There is an ongoing debate about the influence of so-called “social signals” on the ranking of a website in search engines.
The main argument is that social media doesn’t directly affect SEO. But in recent years there have been numerous studies that wanted to have found a stronger correlation between “social signals” and the rankings of a website.
What are social signals?
The “social signals” are e.g. likes, votes, views, pins that people distribute on the social networks. These signals indicate that users are talking about a brand or a company.
The basic idea is as follows: Social signals indicate that users are talking about a brand, a company, a website. In theory, this should improve the SERPs as search engines view these signals as trustworthy “recommendations”. Similar to “backlinks” just not quite as strong.
What does Google say about that?
Matt Cutts, the former head of the webspam team at Google, has reported several times over the past few years about the importance of “social signals”.
At the SMX advanced in June 2012, Cutts announced that conventional backlinks were given a significantly higher weighting than “social signals”. But, as is so often the case, he also gave a hint and said that one should invest in this area for the long term.
Even in 2014, when Cutts published a video on the Google Webmasters YouTube channel, the news was clear: There are no connections between profiles on social networks and the Google rankings. For technical reasons alone, according to Cutts, it is not possible to crawl the unbelievable amount of data at that time. Blocking of Google bots by Twitter also meant that Google did not even have access to the vast amounts of data.
However, this situation changed in May 2015 when tweets were again found in Google’s search results. A sign that Google has eliminated these technical difficulties.
In the video, however, he also shows that the development will definitely go towards understanding the connections and identities of users in social networks much better. He speaks of a period of several years that Google still needs to better evaluate these factors.
As is so often the case, there is no clear answer from Google or Matt Cutts. In such cases, SEOs like to resort to a means: case studies. Over the past few years, there have been countless studies and attempts by individual SEOs to large online marketing agencies on this topic.

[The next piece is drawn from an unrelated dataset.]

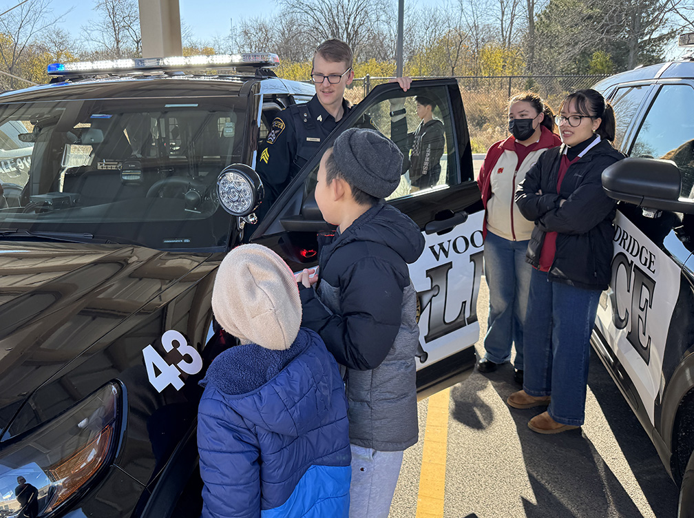 在Woodridge市警察局,警長Alec Sander親自接待並接受禮籃。他帶領學員參觀警局、示範警用設備,並介紹不同功能的警車。孩子們對警笛聲響、車內器材充滿好奇,踴躍提問,現場氣氛輕鬆活潑。Sander多次感謝大家的心意,並肯定佛光會推廣善行的精神。

Some of you want a connection between “social signals” and a page’s rankings. CognitiveSEO experienced the following: A post was viewed over 20,000 on Reddit and at the same time the ranking of the page for the term “Google Images” shot up from 74th to 8th, only to fall back a few days, shortly after the hype flattened on Reddit.
British SEO Matthew Woodward has had a similar experience. After one of his posts on Facebook was even shared by a celebrity and then went viral, the blog post landed at number 1 on Google and has stayed there ever since.
Moz has also found a strong connection between the number of likes/shares of a post on social media and the rankings of the respective page.
Correlation and Causality
In all the studies and experiments, connections and clues were discovered again and again. The fact is, however, that correlation does not confirm causality. On the contrary, it is even likely that a page will be ranked well if it is shared a lot on social networks because as a rule it simply means that this page has some form of added value and is therefore likely to receive good rankings. Which of these came first, however, is not clearly verifiable, and therefore it is also not absolutely necessary that the “social signals” are solely responsible for boosting the ranking.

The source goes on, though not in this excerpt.